So Detlefsen sat there sweating in his patrol vehicle, watching the wildness before him, this macabre circus, an active shooter and two bleeding chimpanzees—maybe more—blitzed on a double shot of adrenaline and chase. It was the most surreal thing he’d ever seen, on duty or off. Behind him, a semitruck barreled down Highway 20, oblivious to the mayhem. Ahead, a shriek lifted from the trees and carried across the yard, a shriek so wild, so primal it seemed to rise from within, a shriek so desperate he would remember that precise pitch for the rest of his life.

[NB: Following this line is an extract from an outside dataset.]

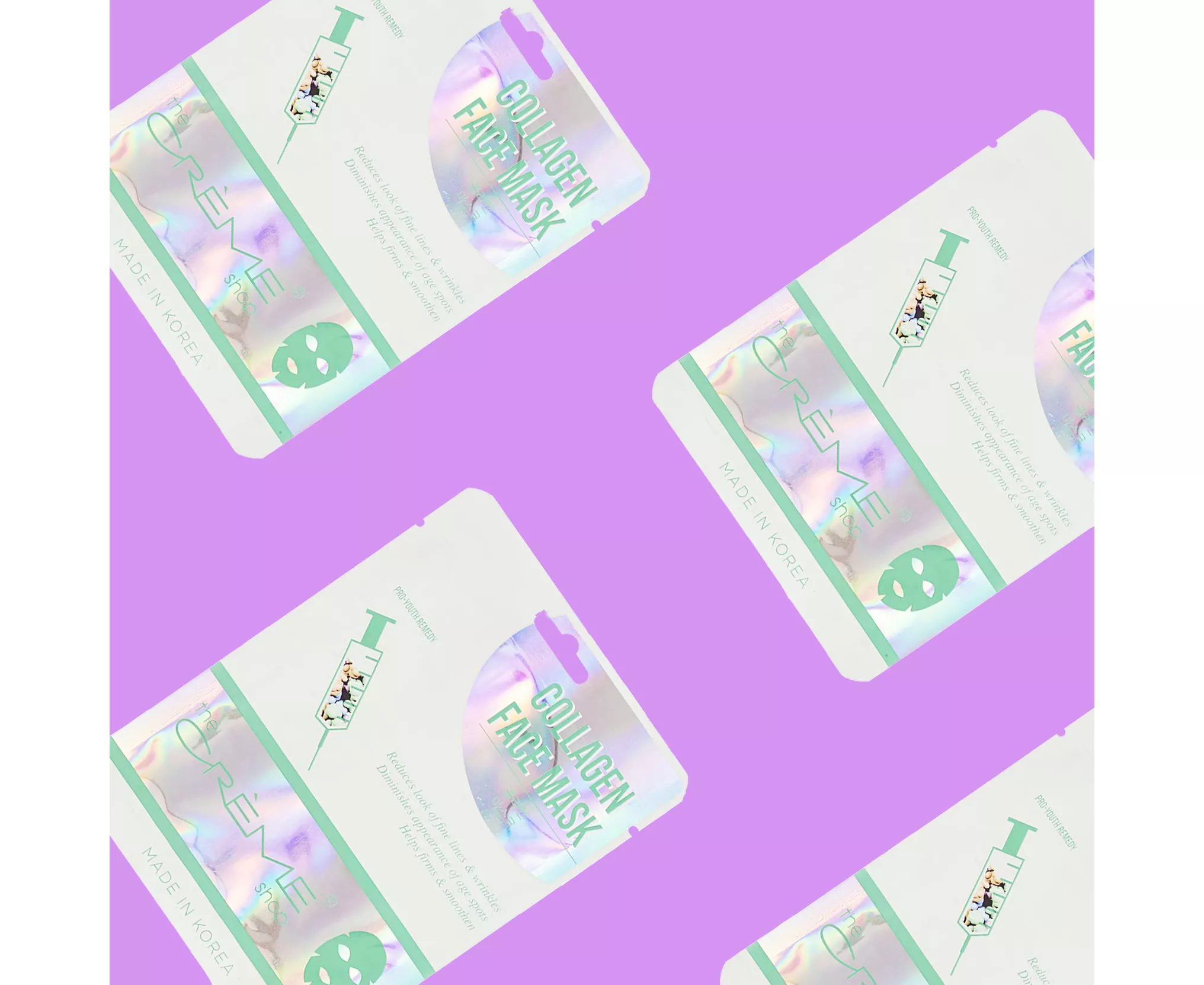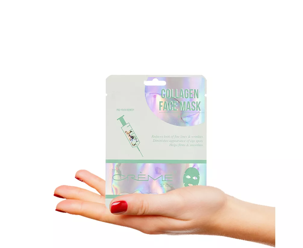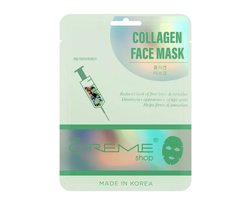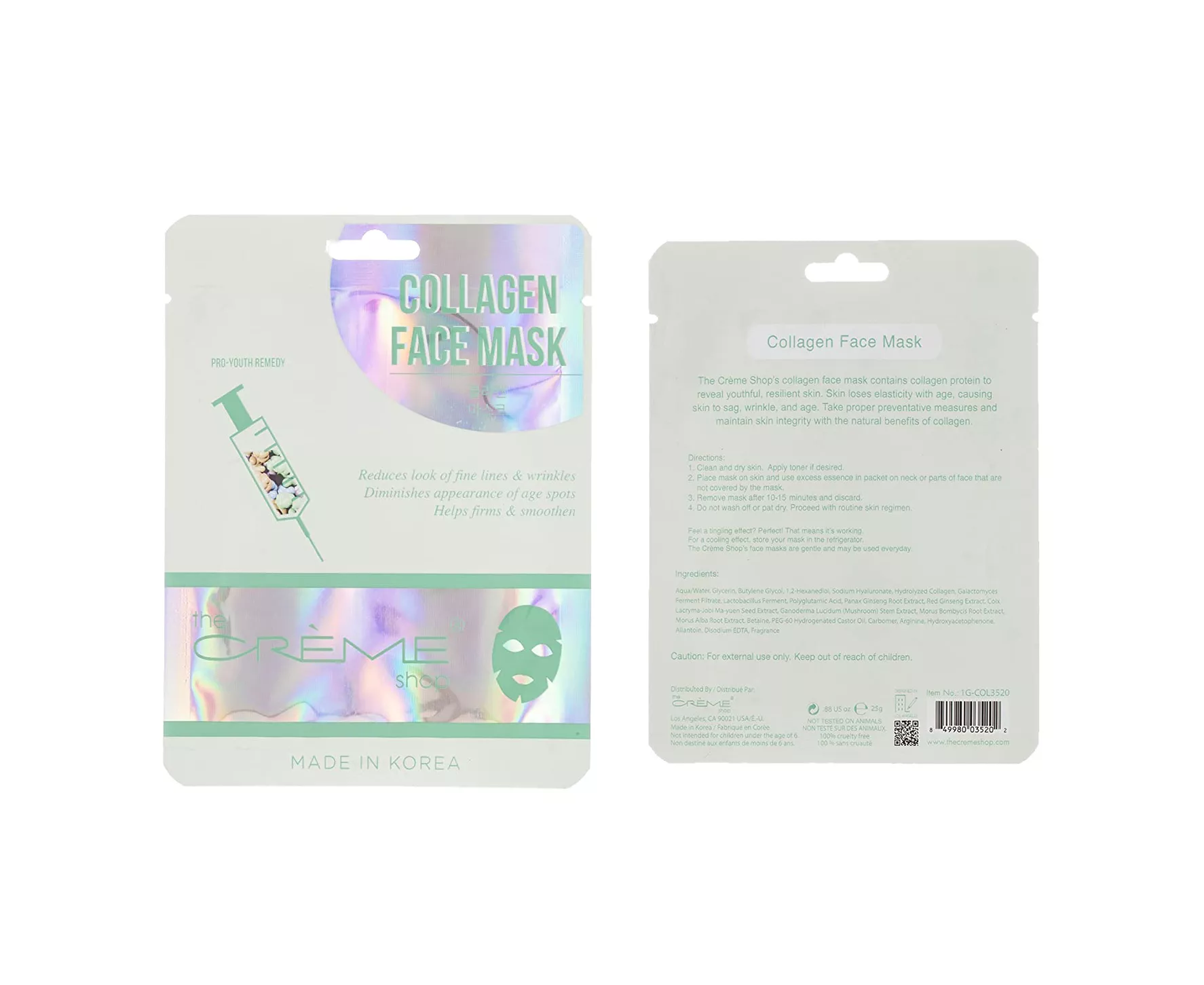Reduces look of fine lines & wrinkles. Diminishes appearance of age spots. Helps firm & smoothen The Crème Shop's collagen face mask contains collagen protein to reveal youthful, resilient skin. Skin loses elasticity with age, causing skin to sag, wrinkle, and age. Take proper preventative measures and maintain skin integrity with the natural benefits of collagen.

The bigger chimp kept running, kicking up dust, until he mounted a bank of cinder blocks in a single fluid skip and rested in the shade of a lone tree on the zoo’s eastern fence line. The whole tree warped and yawed as if battered by a tropical storm. And just as two pickup trucks thundered past him and punched into the parking lot, elbows hanging out the windows, his cell phone rang out with the digital cannon fire of Tchaikovsky’s 1812 Overture. His wife was calling.
“Hello?”
“I’m telling you . . . where are you at?”
“Royal—why?”
“Our washer is flooding again.”
“Okay, shut it off. I . . . I’ve got a situation here. I’ve got to go.”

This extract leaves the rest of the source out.